That was the Elephant in the room for me. Was I the only one who thought that? Just curious...


----------



## slewfoot (Nov 6, 2013)

Slippy, they are the perfect example of the old saying "too each his own". So what if it works for them so be it.


----------



## dannydefense (Oct 9, 2013)

slewfoot said:


> Seems the morals cops had it wrong. nuff said.


So, you don't like the moral cops.

What exactly is it that you and FrostKitten did to Ekim?


----------



## Slippy (Nov 14, 2013)

slewfoot said:


> Slippy, they are the perfect example of the old saying "too each his own". So what if it works for them so be it.


Yes, I know I know...but damn...I would have some real fun with that if you know what I mean! But I think I'd probably never agree to it in the first place.


----------



## RNprepper (Apr 5, 2014)

How about starting a small scale chicken project with the kids? You already have a start with the garden. Compost those forest leaves with chicken manure and you will have great stuff for the garden. Chickens can eat garden scraps and provide insect control. If you have the land and water, you can grow enough grain to be fairly self sufficient with a dozen chickens, if they have bugs and garden waste.


----------



## slewfoot (Nov 6, 2013)

dannydefense said:


> So, you don't like the moral cops.
> 
> What exactly is it that you and FrostKitten did to Ekim?


Dannyd, I have nothing against What I call the moral Cops, just don't care for those that want to push their beliefs down others throats. This is a free country ( so far ) and if one is not breaking the law of the land it is not our business. If someone breaks gods law that is between them and the lord, not me, you or anyone else.
The op made the fatal mistake of laying her life out on this forum but only did that to get folks to understand her situation and ask for some prepping advise.
Yet we want new folks to sign up, guess they best be careful.
Now you can blast away.


----------



## Arklatex (May 24, 2014)

Slippy said:


> Since I've taken the pledge to be the "Kinder, Gentler Slippy", I've tried to be the nice guy. This has caused me to not communicate nearly as well as I used to. So, I've momentarily taken off the Kinder Gentler Slippy hat and replaced it with the well worn hat that fits;
> 
> As I said in an earlier post, I do not give one shit who anybody lives with and I mean that. What I danced around in my earlier posts was the arrangement where your Ex is living with you and your current husband. Did I get that correct?
> 
> ...


I say keep the old hat slippy. As for your comment about the elephant in the room she should expect a reaction like that. She put the info out for all to see and judge. The thread turned into back and forth about her living arrangements. She could have left that part unsaid and the whole thread would have been solid suggestions and advice. Now she knows why opsec is a great thing to practice.


----------



## Alpha Mike Foxtrot (Sep 2, 2014)

There is absolutely no doubt that everyone can see the elephant.

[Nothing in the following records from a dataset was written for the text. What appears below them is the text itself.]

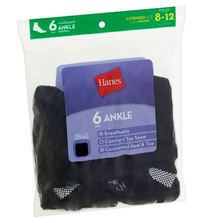 Hanes Cushioned Ankle Socks, 8-12, Black-White (6 ct)
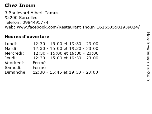 | Mardi | 12:30-15:00 et 19:30-23:00 |
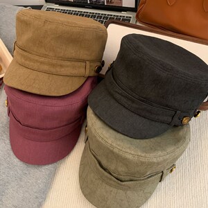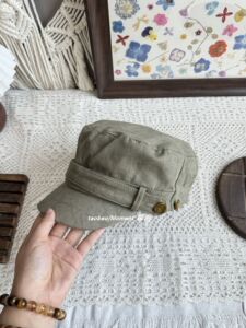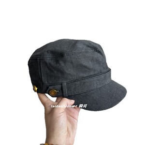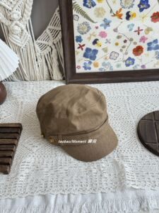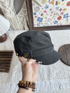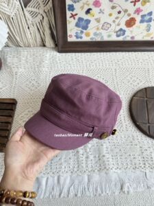 复古纽扣平顶马术帽气质风韩系古着感显脸小鸭舌帽做旧原宿八角帽
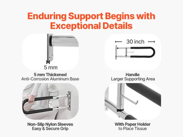 The toilet grab bar delivers steadfast support, enabling secure and stable sitting or standing. The thickened tube and non-slip nylon sleeves ensure a smooth and safe use. Made from high-strength metal with an extended support range and a paper holder, the bar offers ideal support and convenience.
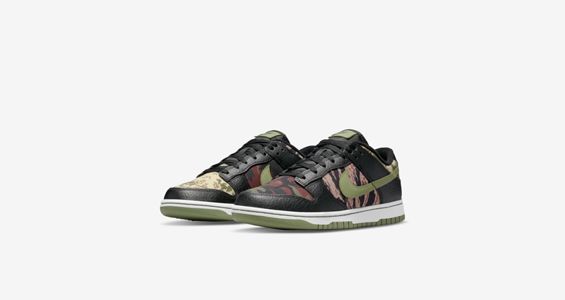第二款「鸳鸯迷彩」Nike Dunk Low 采用了多重迷彩构建,鞋身磨砂质感的柔软皮革构建轮廓,丛林、沙漠、虎纹三种迷彩辅以不对称的撞色设计示人。
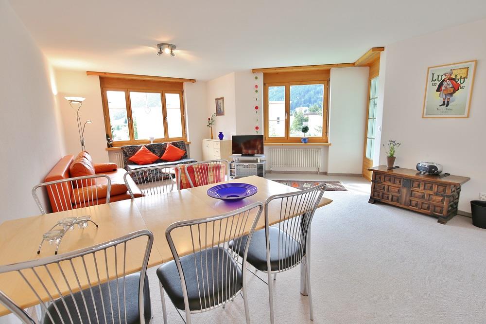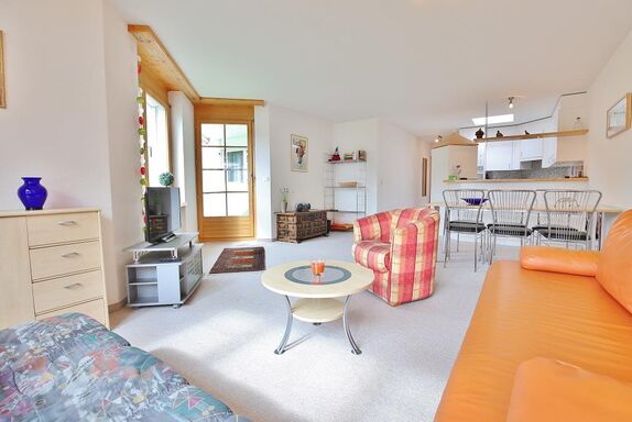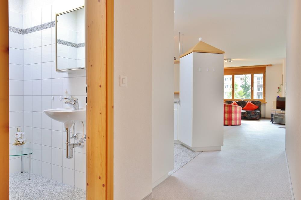3 -Zimmerwohnung Nr. C22, Etage 2, für 4 Personen, ca. 92m2, Balkon; Mitbenützung Waschküche, Skiraum, Aufzug/Lift, Kinderspielplatz ; Parkplatz in Einstellhalle; Wohnraum mit Polstergruppe, Essecke, TV, WLAN; 1 Schlafzimmer mit Doppelbett (2 Matratzen, 180x200 cm), Bad/Dusche/WC, 1 Schlafzimmer mit 2 Einzelbetten; offene Küche mit 4-Plattenherd, Kühlschrank, Tiefkühler, Backofen, Geschirrspüler, Kaffeemaschine; Nichtraucher Wohnung; Haustiere nicht gestattet; Bettwäsche, Frotteewäsche, Küchentücher, Duvet nordisch.
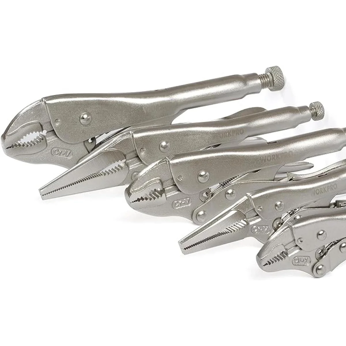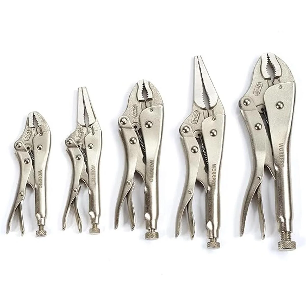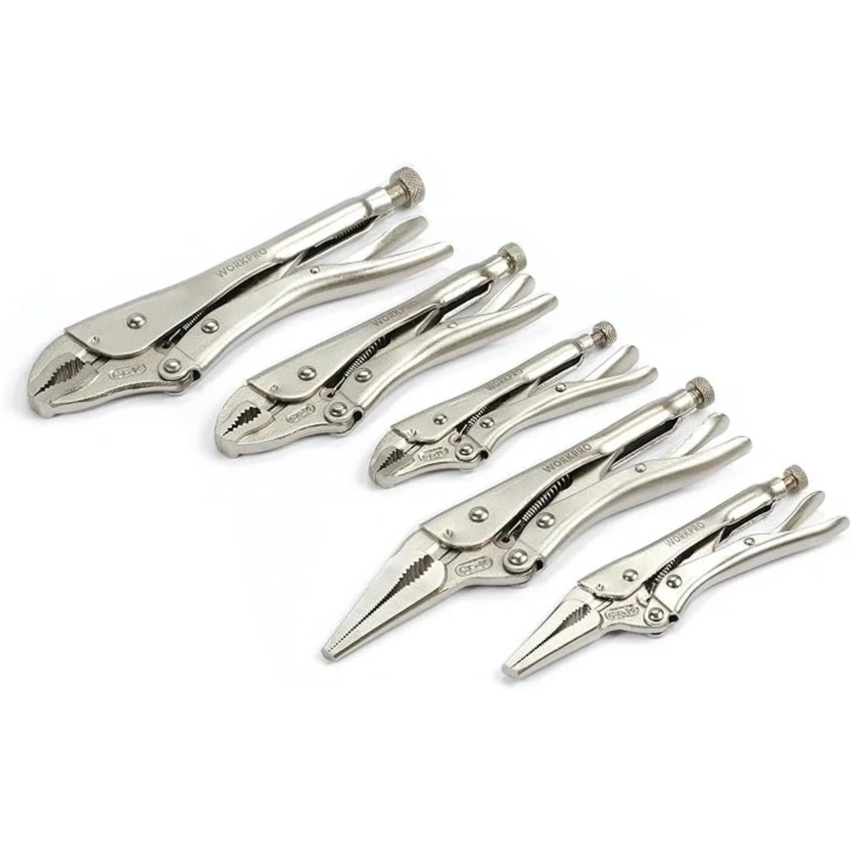 WORKPRO Juego de 5 alicates de bloqueo alicates de mandíbula curvada de 5710 pulgadas, alicates de punta larga de 6.59 pulgadas, W001316A
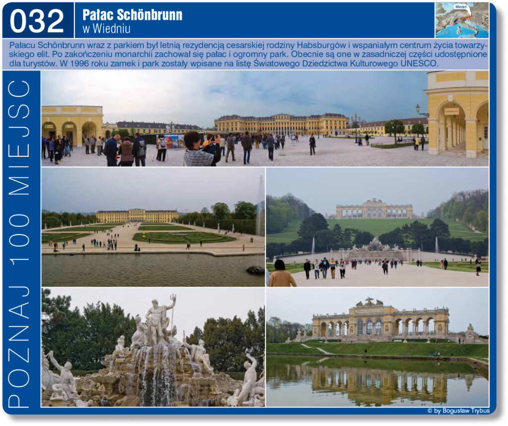 Pałac Schönbrunn jest jedną z największych i najbardziej rozpoznawalnych rezydencji koronowanych głów Europy. Jest dla Wiednia tym, czym pałac w Wersalu dla Paryża. Dziś, rokrocznie przez dawne cesarski podwoje, przewija się prawie 2,5 miliona zwiedzających, zafascynowanych historią, architekturą i sztuką.
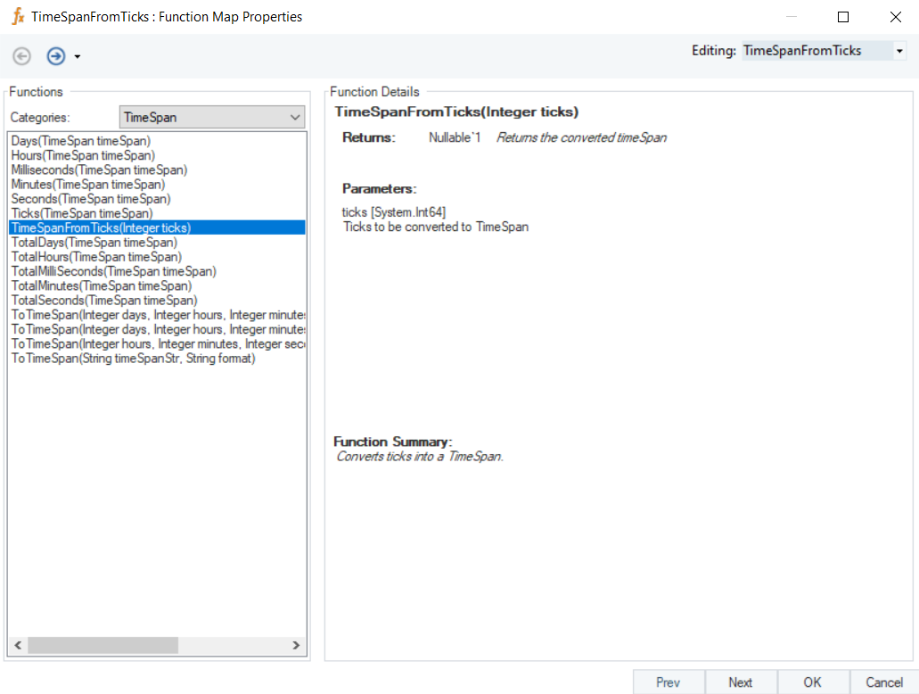 Returns the converted timeSpan using the ticks.

The question that folks might have is "What's wrong with that picture?"

The more burning question is "Why doesn't the OP _*see*_ that something is wrong with that picture?"

But that comes right back to "Is it our place to judge?"

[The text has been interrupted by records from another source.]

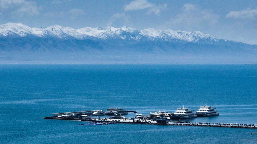 This aerial photo taken on May 18, 2023 shows a view of the Erlangjian scenic spot of Qinghai Lake in northwest China's Qinghai Province. Located in the northeastern part of the Qinghai-Tibet Plateau, the Qinghai Lake is key to maintaining the ecological balance in western China. It is also a natural barrier for controlling the eastward spread of desertification and ensuring the safety of agricultural areas in eastern China. In recent years, with various ecological projects carried out in the Qinghai Lake, the environment here has been greatly improved. (Xinhua/Zhang Long)
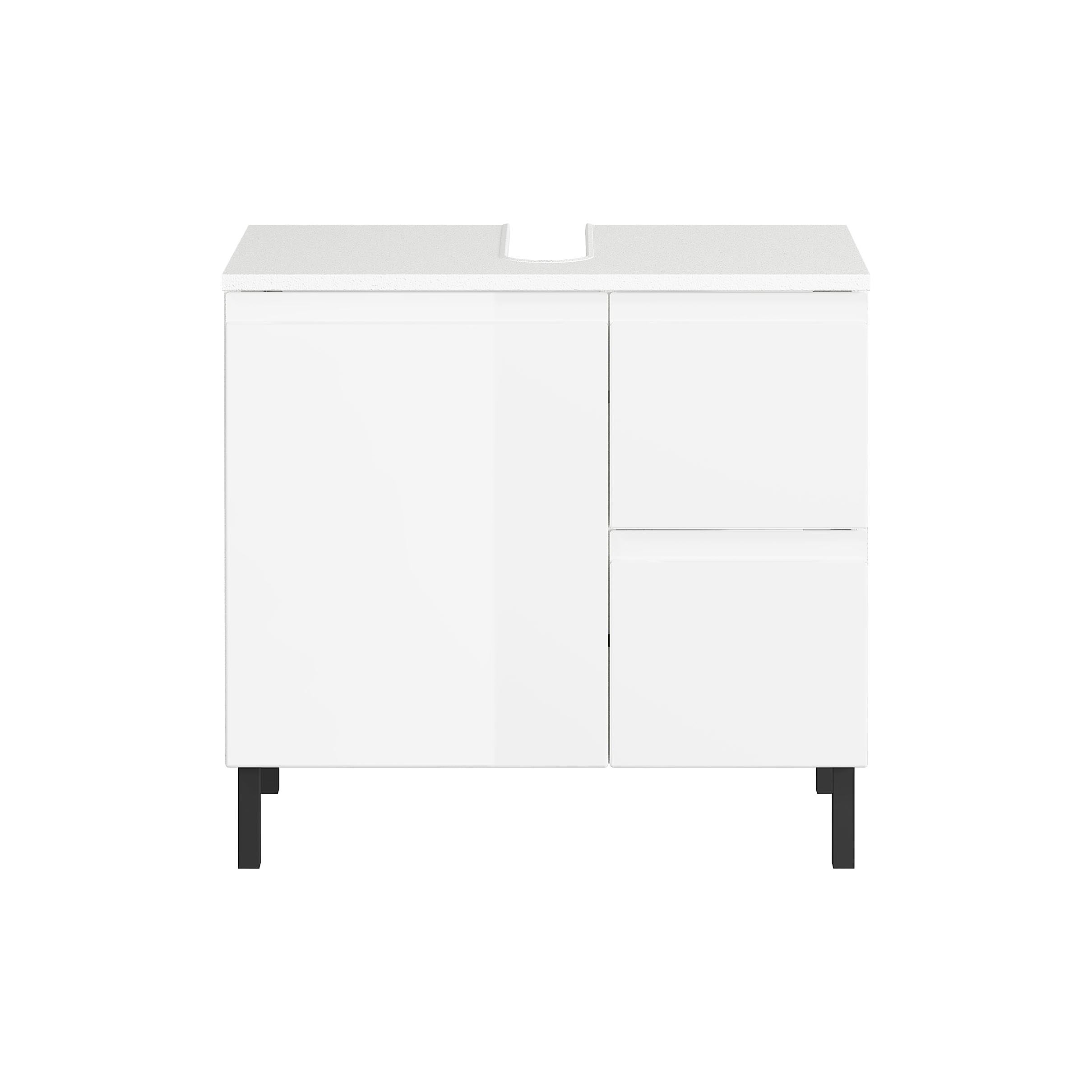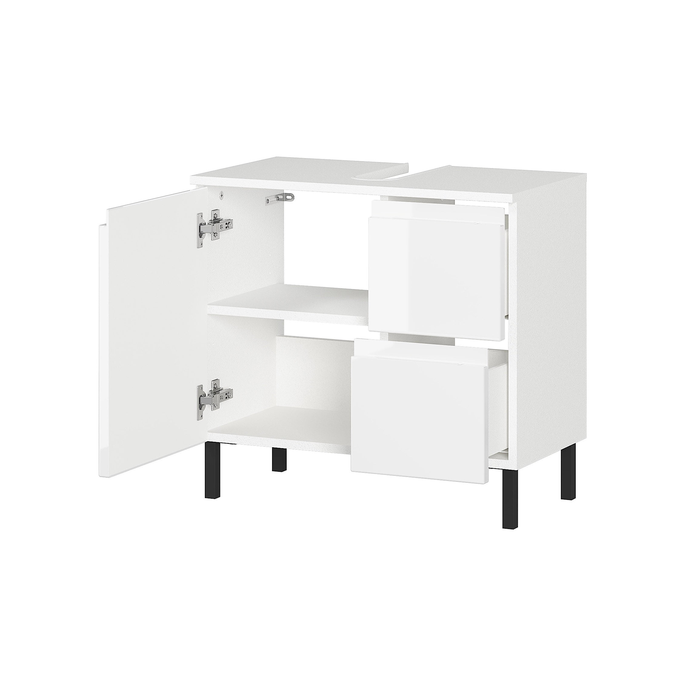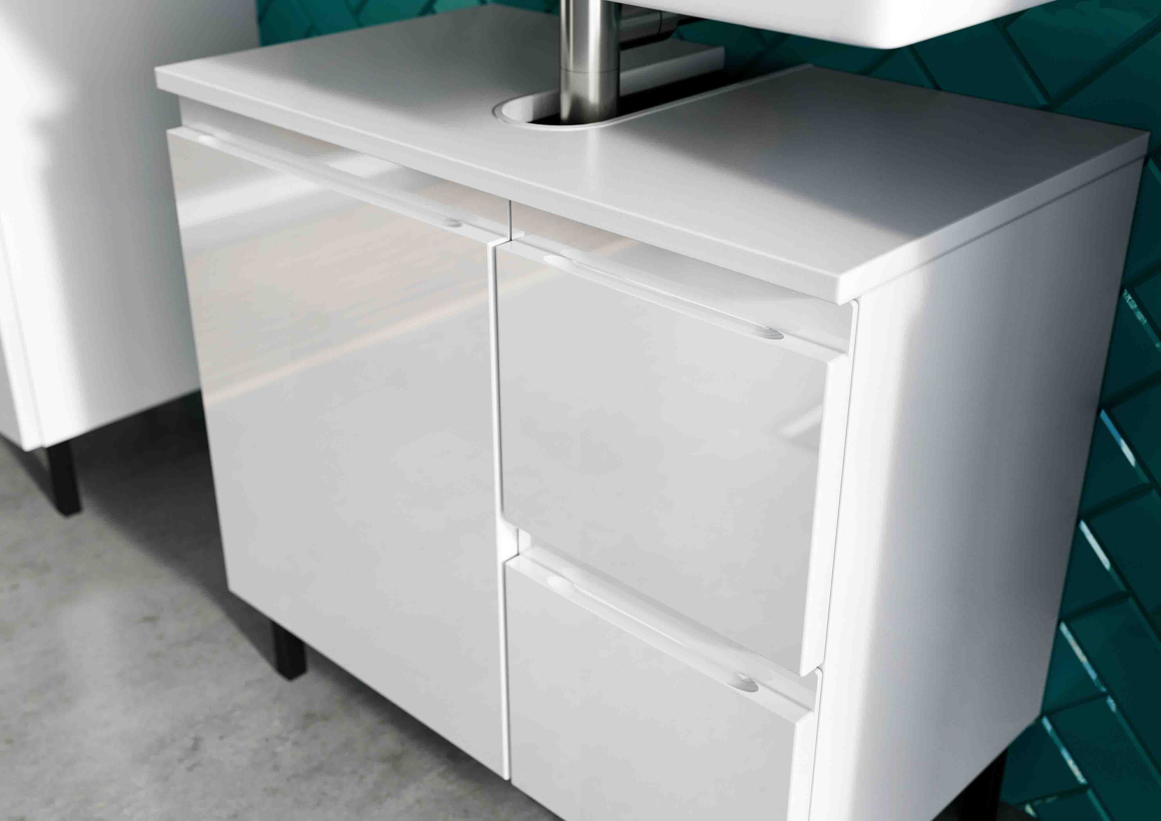 Deze ideale wastafelkast voorziet je in voldoende opbergruimte. Achter de linker deur bevindt zich een verstelbare legplank, aan de rechterkant van het meubel 2 laden. Deze sluiten allen zacht en geruisloos door het soft-close systeem. Gepoedercoat metalen pootjes in combinatie met geruisloos sluitende deuren en laden maken dit meubelstuk helemaal af. Geproduceerd in Duitsland, dit staat voor degelijke kwaliteit en een lange levensduur. Gemakkelijk te monteren doormiddel van de meegeleverde montagehandleiding. Bekijk ook de andere elementen uit deze badkamerserie!
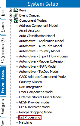 From the System Setup tab, select the 'Component Models' node, then select the 'List Processing' option.

Yes, the OP gave us information, that we did not need, in order for us to give advice about preparedness. In a forum, that gives opinions, certain reactions are to be expected.

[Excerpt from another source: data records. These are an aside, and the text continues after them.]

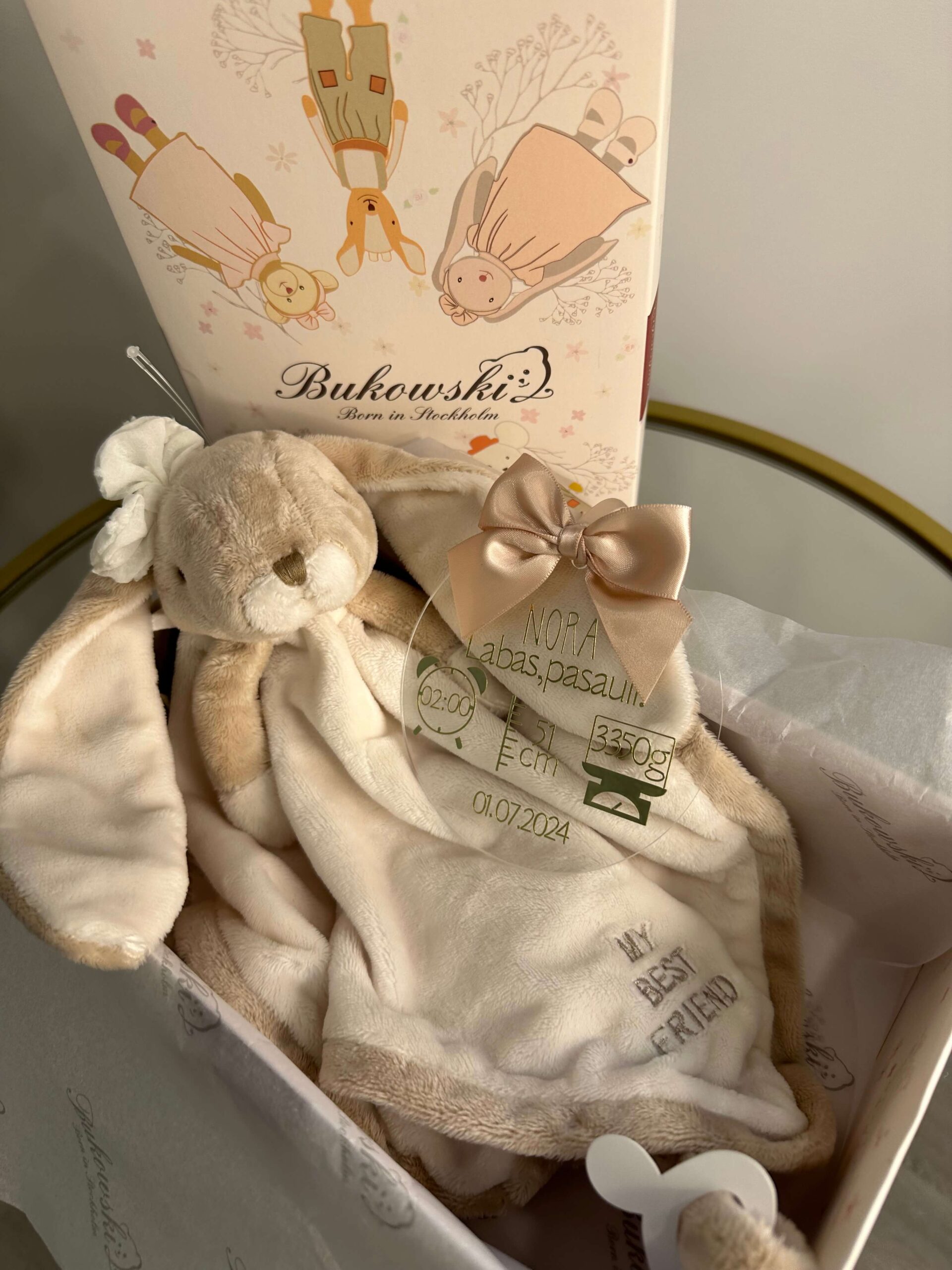Nuostabi dovaną kūdikio sutiktuvėms ar gimtadieniui! Už papildoma mokestį galite pridėti akrilo stiklo diskelį su kūdikio gimimo informacija ar norima palinkėjimą. Tai kokybišką personalizuota dovanėlė!
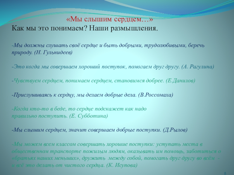 -Мы слышим сердцем, значит совершаем добрые поступки. (Д.Рылов)
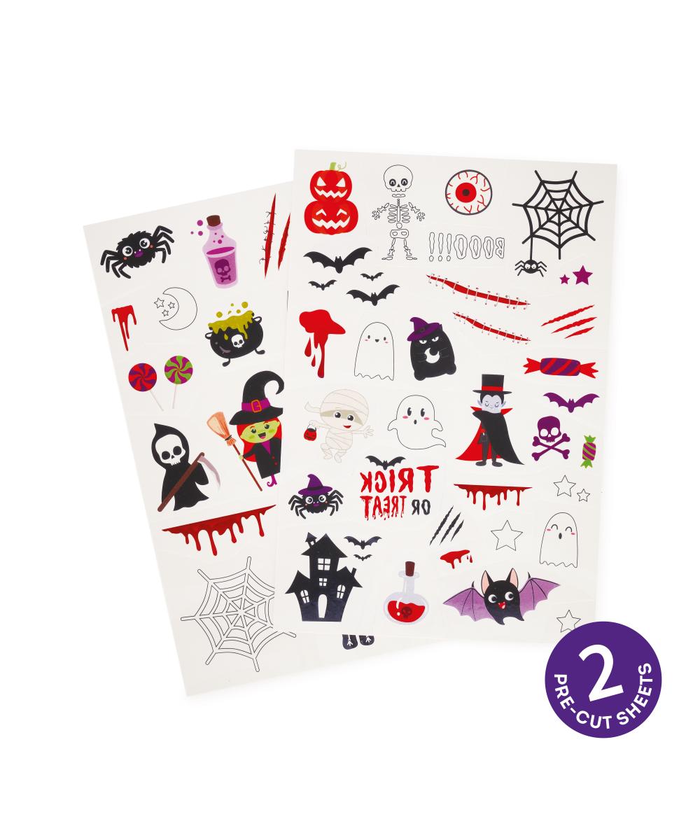 This themed pack includes over 50 tattoos across 2 sheets. Glow in the dark and easy to apply and remove. Features skeletons, vampires, ghosts and witches. Water and sweat resistance. Dermatologically tested.

I just have to remember that my views were developed for my life and I can't expect everyone to see the world the same way.

If marriage had a clear cut definition, divorce would not be legal. If divorce had one as well, we'd never be allowed to re-marry. I have no real idea as to the course of events that led up to the OP's current situation.


----------



## Slippy (Nov 14, 2013)

Arklatex said:


> I say keep the old hat slippy. As for your comment about the elephant in the room she should expect a reaction like that. She put the info out for all to see and judge. The thread turned into back and forth about her living arrangements. She could have left that part unsaid and the whole thread would have been solid suggestions and advice. Now she knows why opsec is a great thing to practice.


Arklatex,
I've said it before and will say it again, you are wise beyond your years.

By the way I thought she got some good advice for the folks.


----------



## RNprepper (Apr 5, 2014)

The living arrangement may be unusual, but it sure would be good to have an extra man on board - for physical labor and guard duty, at least.


----------



## dannydefense (Oct 9, 2013)

slewfoot said:


> Dannyd, I have nothing against What I call the moral Cops, just don't care for those that want to push their beliefs down others throats. This is a free country ( so far ) and if one is not breaking the law of the land it is not our business. If someone breaks gods law that is between them and the lord, not me, you or anyone else.
> The op made the fatal mistake of laying her life out on this forum but only did that to get folks to understand her situation and ask for some prepping advise..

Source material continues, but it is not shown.